I work for for wecity - a mobile app which rewards sustainable mobility - and I’m using the map-matching tool for performing various types of data analysis on the trips performed, recorded and uploaded by the users.
One of the most frequent analysis I perform concerns answering the question “which road segments (of the OSM graph of a city) are crossed more frequently?”
The approach I use is roughly this:
- I receive sets of “raw” GPS points (subject to error, thus in general not laying on any OSM edge), each of them representing a trip performed by a user.
- I use a python script (which sends a map-match request to my locally hosted graphhopper) to convert such trips into sequences of points that are actual nodes of the OSM graph
- The same python script converts the sets of map-matched points to sets of edges (by aggregating subsequent points : each edge is intended as an unordered set of two points), and store them into a postgis database.
- I use spatial queries for grouping the records by edge, and counting how many times every single edge appears (note that given the fact that edges are stored as unordered sets of points, the grouping is not sensitive to the orientation. E.g. edges [1,2] and [2,1] will result as the same edge for concerning grouping and counting).
The analysis runs successfully but I noticed that in some areas of the I had different overlapping edges laying on the same road segment, making the crossings count ambiguous and inaccurate for these minor parts of the graph.
I thought that this was due to response simplification: some of the points resulting from the map-match are indeed discarded as long as 1. their removal does not affect the resulting trip shape too much and 2. they are not junction nodes. This seemed plausible as the map matching processes of two trips which overlap in some parts may choose to remove different sets of points during the simplification due to the differences in the “overall” shape of the two trips.
I managed to disable the simplification. Nonetheless, the results were not quite as expected. After disabling the simplification my map-matched trips database contained approx. 6 000 000 lines (one line for each edge that was crossed in one of the map-matched trips) - that’s reasonable, it resulted in 4 500 000 lines before - but after the grouping it only reduced to 2 600 000 unique edges, while when the simplification was allowed the unique edges resulted to be only 100 000. Things are significantly worse this way.

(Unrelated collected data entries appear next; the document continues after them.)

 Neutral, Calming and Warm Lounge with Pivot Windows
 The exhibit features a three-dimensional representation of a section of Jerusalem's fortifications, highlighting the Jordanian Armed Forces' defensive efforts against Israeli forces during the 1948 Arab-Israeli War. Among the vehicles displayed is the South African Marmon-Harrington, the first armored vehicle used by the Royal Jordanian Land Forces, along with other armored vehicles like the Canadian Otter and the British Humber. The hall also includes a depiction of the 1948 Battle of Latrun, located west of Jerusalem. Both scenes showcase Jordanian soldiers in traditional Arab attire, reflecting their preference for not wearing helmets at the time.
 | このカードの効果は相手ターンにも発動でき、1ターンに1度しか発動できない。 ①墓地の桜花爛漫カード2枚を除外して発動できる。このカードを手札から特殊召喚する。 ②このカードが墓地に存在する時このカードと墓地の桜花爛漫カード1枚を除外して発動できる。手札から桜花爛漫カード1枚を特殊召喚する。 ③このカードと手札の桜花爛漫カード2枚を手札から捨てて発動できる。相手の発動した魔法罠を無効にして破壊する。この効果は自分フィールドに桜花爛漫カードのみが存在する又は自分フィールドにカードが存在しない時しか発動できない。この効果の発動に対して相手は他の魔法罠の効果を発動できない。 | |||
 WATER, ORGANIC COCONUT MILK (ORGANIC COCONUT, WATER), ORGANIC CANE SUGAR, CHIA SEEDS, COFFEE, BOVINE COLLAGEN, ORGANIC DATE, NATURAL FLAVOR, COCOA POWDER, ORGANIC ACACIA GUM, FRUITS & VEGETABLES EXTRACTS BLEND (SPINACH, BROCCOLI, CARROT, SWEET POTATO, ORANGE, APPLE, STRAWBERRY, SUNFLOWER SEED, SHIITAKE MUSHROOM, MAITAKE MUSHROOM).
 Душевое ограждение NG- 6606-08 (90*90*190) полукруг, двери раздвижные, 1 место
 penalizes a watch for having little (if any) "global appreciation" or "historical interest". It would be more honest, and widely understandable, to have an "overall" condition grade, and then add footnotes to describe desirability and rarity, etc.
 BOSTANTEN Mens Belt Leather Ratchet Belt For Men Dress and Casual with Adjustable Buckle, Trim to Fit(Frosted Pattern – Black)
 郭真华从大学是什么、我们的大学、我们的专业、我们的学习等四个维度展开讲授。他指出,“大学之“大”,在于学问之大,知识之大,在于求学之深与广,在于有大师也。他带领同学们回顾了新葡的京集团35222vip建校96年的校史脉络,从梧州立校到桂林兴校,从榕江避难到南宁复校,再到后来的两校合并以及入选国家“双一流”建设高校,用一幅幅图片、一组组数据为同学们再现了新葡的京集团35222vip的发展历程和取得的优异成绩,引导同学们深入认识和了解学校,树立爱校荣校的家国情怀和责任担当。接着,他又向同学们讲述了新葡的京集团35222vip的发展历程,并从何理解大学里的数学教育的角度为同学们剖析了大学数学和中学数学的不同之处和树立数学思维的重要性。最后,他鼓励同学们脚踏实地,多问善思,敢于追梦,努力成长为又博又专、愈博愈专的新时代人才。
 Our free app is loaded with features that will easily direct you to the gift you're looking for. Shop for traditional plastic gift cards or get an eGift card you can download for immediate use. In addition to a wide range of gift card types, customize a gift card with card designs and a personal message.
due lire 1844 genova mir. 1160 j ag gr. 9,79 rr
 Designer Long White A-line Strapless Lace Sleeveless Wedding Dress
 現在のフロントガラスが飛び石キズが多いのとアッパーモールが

To investigate the issue, I plotted the map-matched nodes from 10 trips that overlap in some parts in order to check if the map- matching process returned the same nodes when suggesting the same path. This is what I obtained (I suggest to use the link, the popups help understanding the map content which is hard to explain with a static image):
As an example, I’ll refer to the small stretch of cycleway highlighted in the images above. Such path is crossed by three trips, of ids 3, 5 and 8. It is a relatively isolated path, so it is sure enough that all the three map-matched trips should point to the very same osm way. Disabling the simplification adds one additional point to every one of these trips, but these additional points do not coincide.
Therefore I’m confused. Having disabled the simplification, shouldn’t I obtain all the nodes that are present on the path in all the three cases? I.e. should’t three trips result in the very same nodes on that part?